By Professor Thomas Menkhoff, Director, MSc in Innovation, SMU Lee Kong Chian School of Business
Today, there are many innovation challenges which cannot be solved by one scientific discipline alone. Many questions relating to health, energy, climate change and others require thinking across different fields. Learning to step into an intersection of fields, disciplines and cultures can generate a large number of extraordinary ideas for innovation. While this sounds good in theory, practicing it can be a challenge for those responsible for making innovation work. One reason is the difficulty to motivate smart knowledge workers to become more innovative.
One simple approach to introduce smart people to the mind-set and logic of innovation potential at intersections is the Medici Board Game, based on the bestselling book “The Medici Effect” published by Harvard Business School Press a couple of years ago. It was developed in co-operation with the book’s author, Frans Johansson, and helps to explore confluences that occur when different ideas are combined to create insights which may lead to new strategies, products and services. Such confluences can be brought about coincidently as well as systematically. Creating an environment for innovation is about creating the conditions for organisations in which intersectional learning and confluences can happen more easily.
The Medici Game (developed by a Swedish learning tool developer) engages participants in discussions that lead them to challenge their beliefs and assumptions around good – or not so good – management practices for fostering innovation friendly conditions and a creative environment. On the basis of small group discussions and with the help of engaging innovation cards, participants explore the intersections between different disciplines and fields of science. Warm-up questions include: What are potential fields for intersectional innovation between ICT and medicine? How can biology inspire the automotive industry? How can people with different backgrounds and specialisations be innovative?

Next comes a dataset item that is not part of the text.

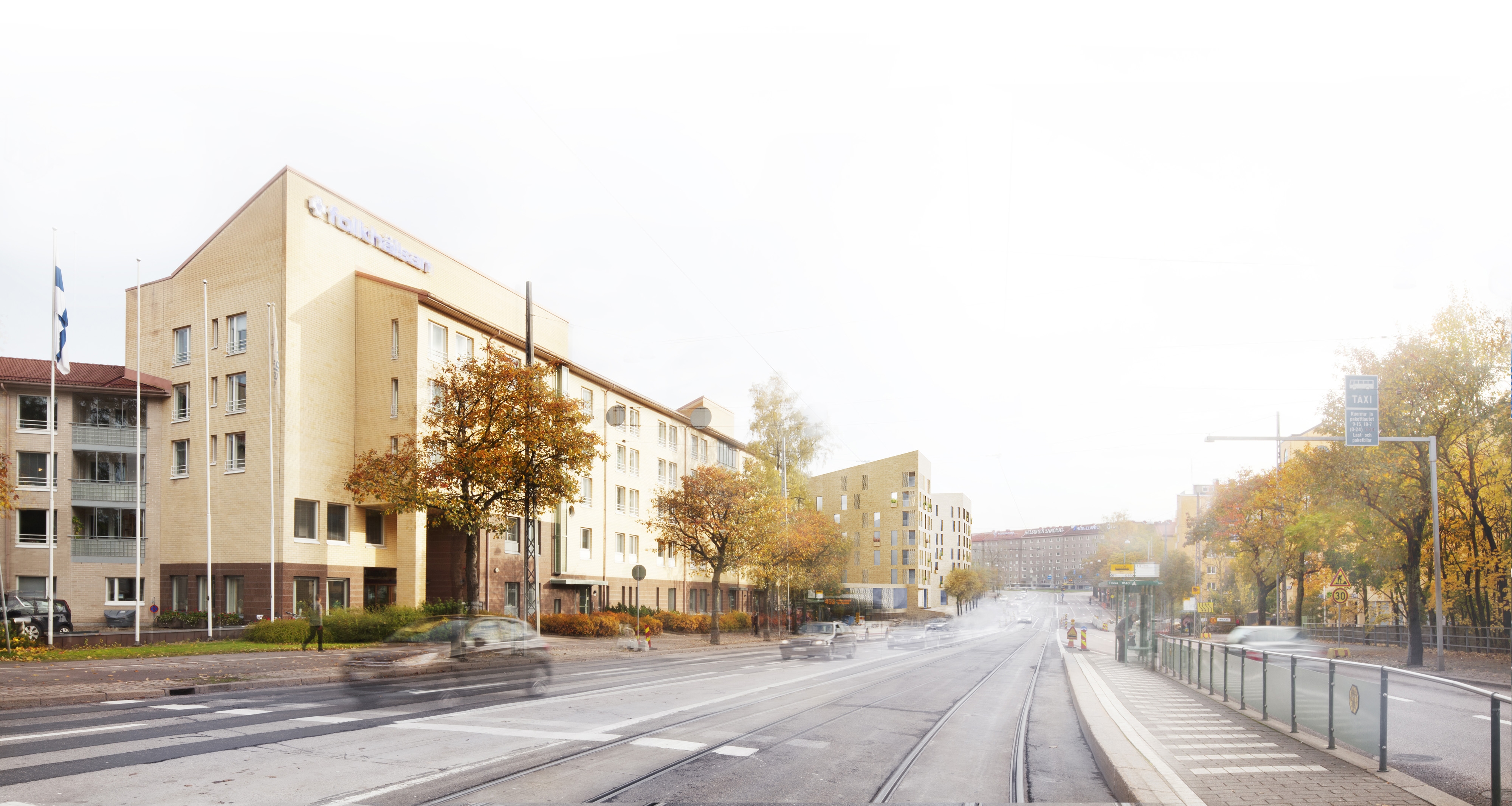 Syftet med arkitekttävlingen, där också en byrå från Sverige deltog, var att i ett stadsbildsmässigt viktigt område vid den livligt trafikerade Mannerheimvägen (40 000 fordon per dygn) få fram en lösning som kompletterar den befintliga servicehushelheten och utgör en bas för det fortsatta detaljplanearbetet. Man efterlyste en arkitektoniskt och funktionellt högklassig, energieffektiv och genomförbar plan för byggande av fritt finansierade ägarbostäder.

Intersections are places where ideas from different fields and cultures meet, leading (potentially) to an explosion of ideas and possibilities. What are the forces that are creating it and why is this type of innovation growing in importance? Innovation management experts distinguish between incremental and disruptive, intersectional ones. According to Johansson, combining concepts within a particular field can generate interesting ideas but that represents a somehow narrow approach because they evolve along a particular direction. Contrary to such ‘directional ideas’, stepping into the intersection enables the combination of concepts between multiple fields, generating ‘intersectional ideas’ that leap in new directions. Examples with commercial potential include electronic healthcare services (based on the interdisciplinary collaboration between biomedical and info-comm technologies) such as Singapore’s electronic health records initiative, Volvo’s vision is to develop a collision safety system for automobiles based on the African grasshopper’s ability to not collide when it flies in swarms or the ongoing efforts by urban planners, ICT experts, futurists etc. to come up with smart city models where all city-wide subsystems are interconnected via a communicative network of sensors, data and smart devices enabling stakeholders to access real-time information on traffic conditions or faulty streetlights.

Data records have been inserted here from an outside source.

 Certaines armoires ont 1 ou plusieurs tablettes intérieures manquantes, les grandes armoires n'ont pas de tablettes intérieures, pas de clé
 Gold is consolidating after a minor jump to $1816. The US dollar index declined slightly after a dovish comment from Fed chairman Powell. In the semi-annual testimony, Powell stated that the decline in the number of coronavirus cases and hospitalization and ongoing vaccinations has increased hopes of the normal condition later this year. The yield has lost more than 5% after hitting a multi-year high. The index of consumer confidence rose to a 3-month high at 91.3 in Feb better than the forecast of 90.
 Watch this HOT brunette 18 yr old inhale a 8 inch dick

We can think of intersections as physical and mental spaces of innovation. Innovation is increasingly seen as a recursive process instead of the old view of innovation as commercialised invention based on technological or scientific knowledge. The recursive innovation model stresses the versatile feedback mechanisms and interactive relationships involving producers (companies), product users, scientific and technical research, development activities, and supporting infrastructure. It is a model of continuous learning, in which the actors in different fields learn from each other in interactive innovation processes.
Unfortunately, smart people sometimes refuse to learn and to explore innovation potentials as evidenced by numerous research studies conducted by learning organisation experts. In many knowledge-intensive organizations, learning is often “single-loop” (a term coined by Chris Argyris, Professor Emeritus at Harvard Business School) qua improvements that rest on unchallenged, implicit assumptions. Attempts to identify and question underlying assumptions (Argyris refers to this as “double-loop learning”) and to debate alternatives, e.g. to the traditional approach of doing business, are often thwarted by organizational antibodies that can ultimately defeat innovation efforts.

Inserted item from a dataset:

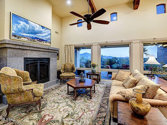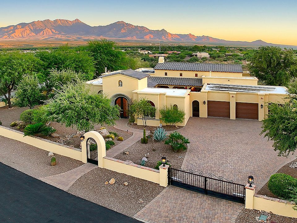As you become ready to redefine life on your own terms, consider this luxurious estate right in the center of Green Valley! Discover a desert oasis where you can enjoy absolute privacy while relaxing on your pool deck and still bike to town for your morning coffee. Combining elegant, refined interior and outdoor spaces with gracious proportions and unbelievable views, this home offers you the indoor/outdoor lifestyle you have been waiting for. The curb appeal is impressive with interesting architectural details, custom iron gates, paved drive and magnificent front courtyard with its own dramatic lighting and stone fireplace. Inside, the Santa Rita Mountain VIEWS pour into the living areas through oversized windows, along with abundant natural light. A sparkling pool and spa are the focal point of the magnificent back yard, overlooking a wash and those incredible mountains. Inside, The enviable list of amenities that this home offers is endless. The highly upgraded kitchen features luxurious cabinetry, Miele appliances, copper sink and a sub zero refrigerator with cabinet overlays. A wine and beverage bar is adjacent and features its own sub-zero wine frig, drink refrigerator, and cocktail glass storage. A large stone fireplace commands your attention and anchors the room. French doors lead out to the gorgeous front courtyard and the separate guest casita. Your owner's suite is oversized and luxurious with a walk-in tiled shower and soaking tub. Two extra bedrooms and a guest casita in the courtyard offer options for any lifestyle.....his and her offices, craft rooms, grandchildren or winter visitors. One of the most impressive homes in Green Valley, exemplifying the art of a joyful and graceful desert lifestyle!

One way of fostering a robust culture of learning and innovation is to initiate a novel approach towards effective communication on the basis of a structured dialogue, e.g. with the help of the Medici Board Game. Participants discover by themselves (rather than being told) intersectional innovation opportunities, which can lead to increased motivation and the willingness to change and to execute on innovation-related insights gained during the game phase (chances to do so increase when both leaders and followers regard this as a real strategic necessity; another requirement is the alignment of performance indicators and rewards).